As you can see, HTTP_HOST has been wrongly set to 'supplySupply' and PATH_INFO to '' because of urls.py:url_parse() which considers '//supplySupply' to be a netloc and not the path itself.

It seems that Python urlparse() behaves the same even though I'm not sure why because if scheme is not given, AFAIU from RFC 3986, scheme should always be given... Anyhow, this issue is similar to this one reported on urllib2.urlopen() some years ago:
http://bugs.python.org/issue2776

As a side note, Most HTTP server such as Apache and Zope just ignore double-slashes, so URLs such as 'http://localhost:80//path/info' and 'http://localhost:80/path/info' are the same.

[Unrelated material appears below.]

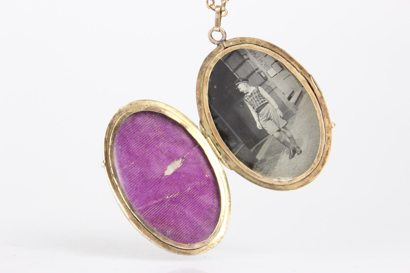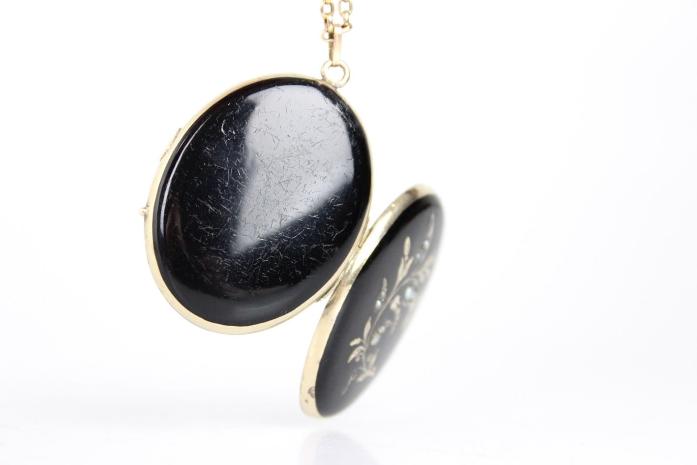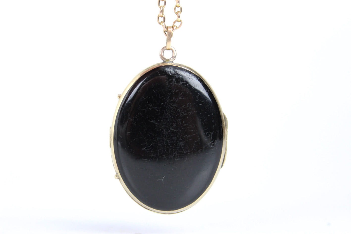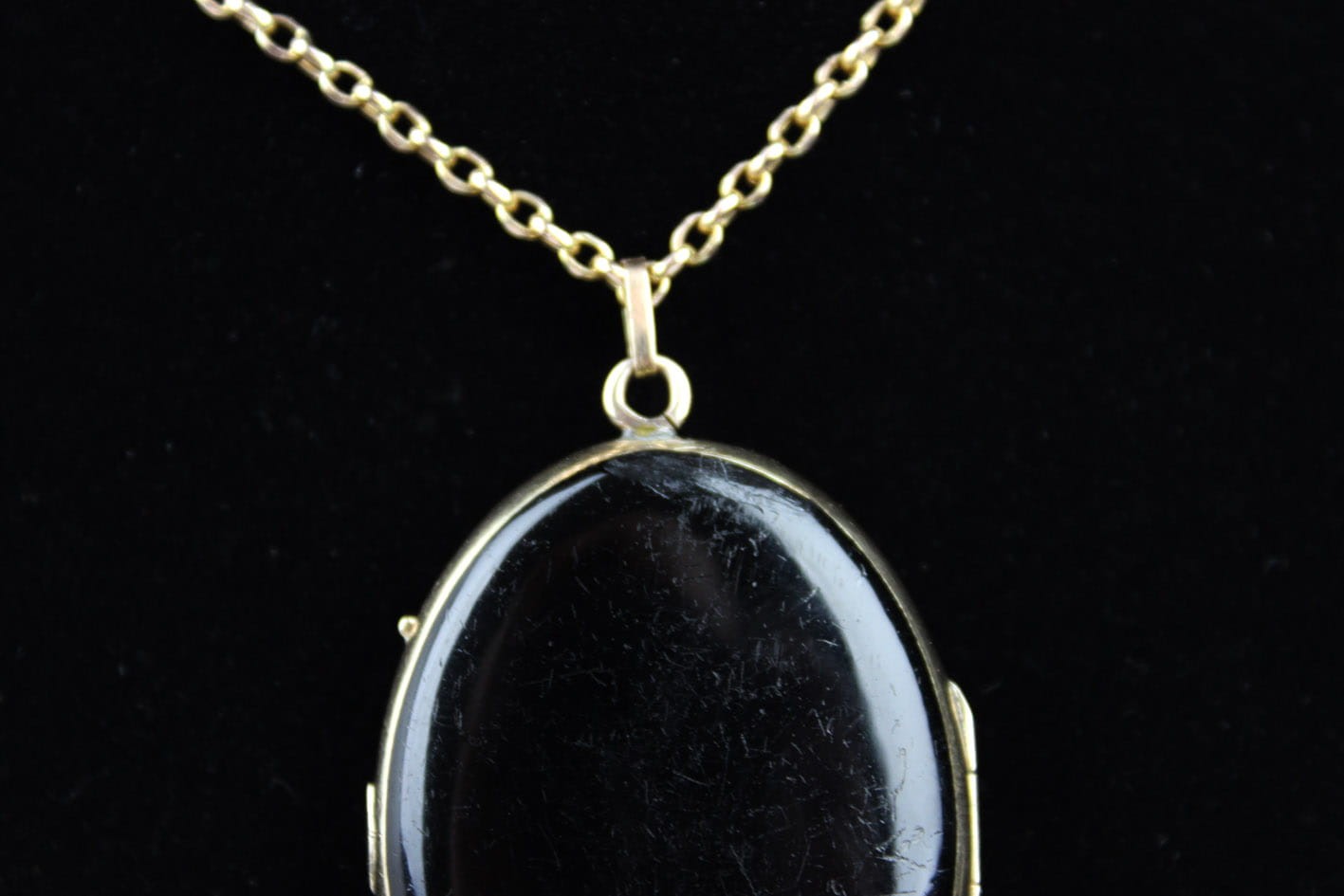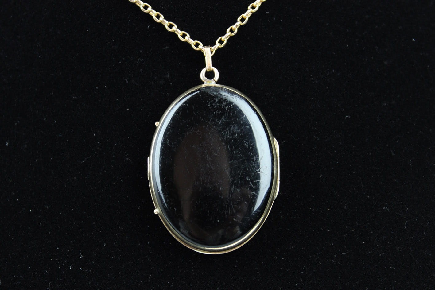 Okazały medalion z II połowy XIX wieku, wykonany z mieszanych materiałów – złota próby około 560-580 oraz srebra próby około 800 (brak punc, całość badana metodą kwasową). Awers zdobi finezyjny grawerunek z motywami floralnymi, dodatkowo wzbogacony półperłami oraz elegancką czarną emalią. Rewers również pokryty jest czarną emalią. Stan zachowania: bardzo dobry, z jedynie delikatnymi rysami oraz niewielkim śladem po naprawie emalii z epoki, widocznym dyskretnie na rewersie przy oczku. Wnętrze kryje podwójną ramkę, z czego jedna jest oszklona, przeznaczona na zdjęcie lub pukiel włosów. W medalionie zachowano oryginalne zdjęcie z lat 30. XX wieku, co dodaje mu historycznego uroku. Wymiary:

FTR, here is the environ dict set in previous version of werkzeug (0.8.3, before using urlparse in WSGIRequestHandler.make_environ()):

{'CONTENT_LENGTH': '',
 'CONTENT_TYPE': '',
 'HTTP_ACCEPT': '*/*',
 'HTTP_CONNECTION': 'Keep-Alive',
 'HTTP_HOST': 'localhost:5001',
 'HTTP_USER_AGENT': 'Wget/1.15 (linux-gnu)',
 'PATH_INFO': '//supplySupply',
 'QUERY_STRING': '',
 'REMOTE_ADDR': '127.0.0.1',
 'REMOTE_PORT': 47148,
 'REQUEST_METHOD': 'GET',
 'SCRIPT_NAME': '',
 'SERVER_NAME': '127.0.0.1',
 'SERVER_PORT': '5001',
 'SERVER_PROTOCOL': 'HTTP/1.1',
 'SERVER_SOFTWARE': 'Werkzeug/0.8.3',
 'werkzeug.server.shutdown': <function shutdown_server at 0x24dd578>,
 'wsgi.errors': <open file '<stderr>', mode 'w' at 0x7fb58fb4b1e0>,
 'wsgi.input': <socket._fileobject object at 0x24dc2d0>,
 'wsgi.multiprocess': False,
 'wsgi.multithread': False,
 'wsgi.run_once': False,
 'wsgi.url_scheme': 'http',
 'wsgi.version': (1, 0)}
127.0.0.1 - - [04/Feb/2014 13:37:45] "GET //supplySupply HTTP/1.1" 200 -

Here is the sample application I used to reproduce this bug easily:

from werkzeug.exceptions import HTTPException
from werkzeug.routing import Map, Rule, NotFound, RequestRedirect

url_map = Map([Rule('/supplySupply')])

def application(environ, start_response):
    urls = url_map.bind_to_environ(environ)
    try:
        endpoint, args = urls.match()
    except HTTPException, e:
        return e(environ, start_response)
    start_response('200 OK', [('Content-Type', 'text/plain')])
    return ['Rule points to %r with arguments %r' % (endpoint, args)]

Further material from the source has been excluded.